The administrative divisions of the Ottoman Empire were administrative divisions of the state organisation of the Ottoman Empire. Outside this system were various types of vassal and tributary states.

The Ottoman Empire was first subdivided into provinces, in the sense of fixed territorial units with governors appointed by the sultan, in the late 14th century. The beylerbey, or governor, of each province was appointed by the central government. Sanjaks (banners) were governed by sanjak-beys, selected from the high military ranks by the central government. Beylerbeyis had authority over all the sancakbeyis in a region. Kaza was a subdivision of sancak and referred to the basic administrative district, governed by a kadi.

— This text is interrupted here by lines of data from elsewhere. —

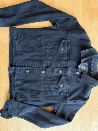 Chaqueta vaquera, color negro, un poco entallada.
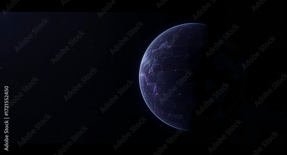 An elegant, minimalist 3D render of a planet with a glowing, geometric grid on its surface. It floats in dark, empty space. Symbolizes global technology, data, and exploration #1721552450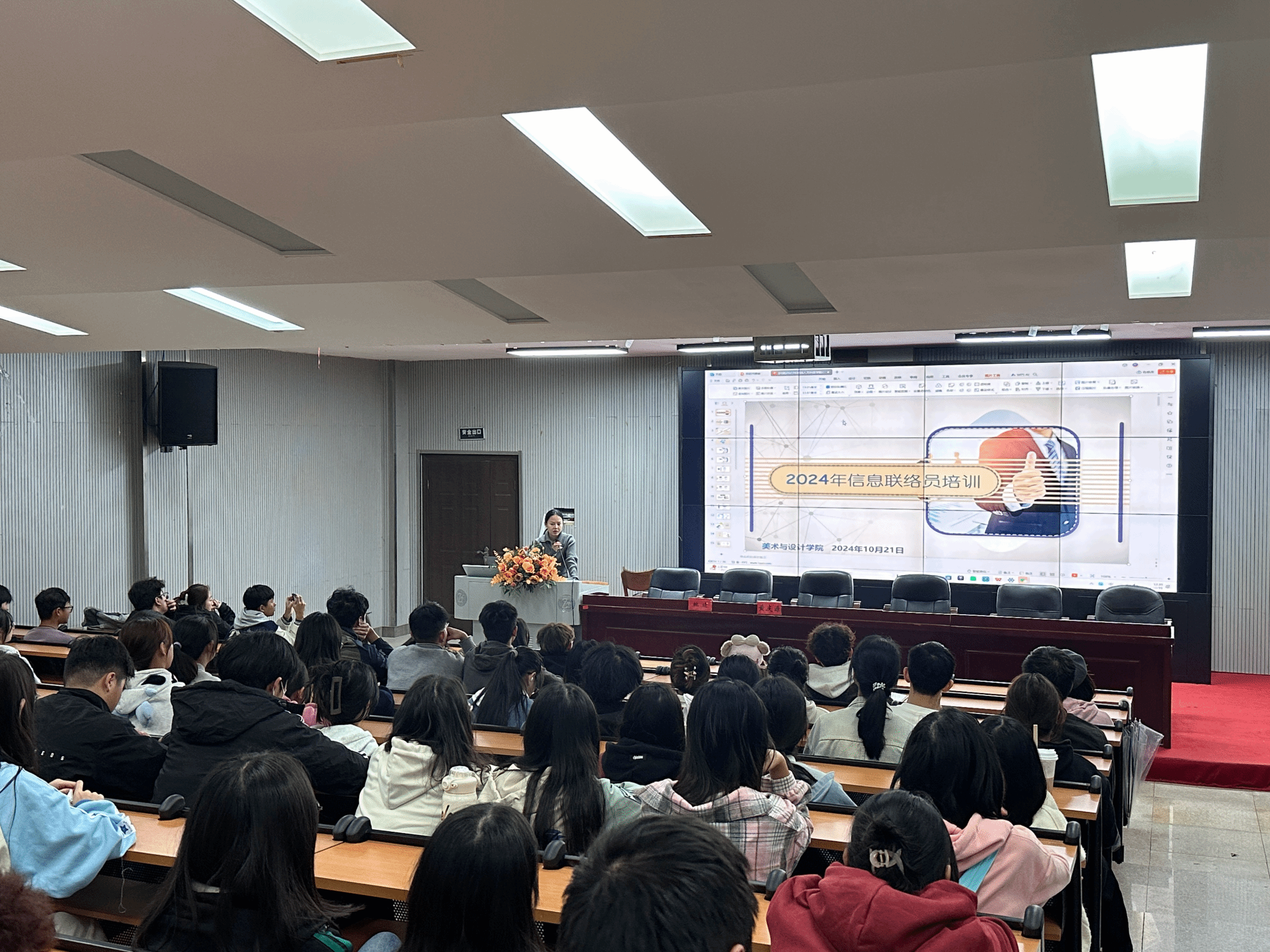2024年10月21日中午,为了进一步宣传,推广心理健康知识,增进学生的心理保健意识,今年会美术与设计学院在逸美楼一楼报告厅举办“信息联络员培训大会”,此次大会由全体心里干部以及24级,23级,22级各班心理委员和信息联络员共同参会。党总支副书记黄庆源出席并作讲话,姚婧老师主讲。

It is considered extremely difficult to define the number and exact borders of Ottoman provinces and domains, as their boundaries changed constantly. Until the Tanzimat period from 1839 to 1876, the borders of administrative units fluctuated, reflecting the changing strategies of the Ottomans, the emergence of new threats in the region, and the rise of powerful ayans. All the subdivisions were very unequal in terms of area and population, and the presence of numerous nomadic tribes contributed to the extreme variability of the population figures.

==Types==
===Main administrative units===

| Division | Level | Head | Notes |
|---|---|---|---|
| beylerbeylik, eyalet (province) | 1st | beylerbey, vali | The beylerbeylik was renamed eyalet in 1590 and was replaced by vilayet with the Vilayet Law (1864–1867). |
| vilayet (province) | 1st | vali | Term derived from Arabic wilāyah, established with the Vilayet Law (1864–1867), replaced the eyalets. |
| sanjak, liwa, mutasarrifate (region, provincial subdivision, county, banner) | 2nd | sanjakbey, vizier, mutesarrif | Traditional subdivision of beylerbeylik/eyalet/vilayet, but in war-time and the last decades there were independent sanjaks. |
| kaza (district) | 3rd | kadi (until 1839), kaymakam | Traditional subdivision of sanjak. Originally equivalent to judicial district known as kadiluk. |
| nahiye (subdistrict, commune) | 4th | mütesellim (until 1842) | Term derived from Arabic nāḥiyah. Traditional subdivision of kaza. |

Provinces (eyalets or sanjaks) under the administration of a pasha were also called "pashaliks". The judicial area of responsibility of the kadi were known as kadiluk.

===Land tenure===
Feudal land tenure lands (or fiefs) in the Timar-system were known as timar, ziamet, hass. Based on status of the land holder, the fiefs were also known as sipahilık ("of the sipahi"), agaluk (ağalık, "of the agha"), etc.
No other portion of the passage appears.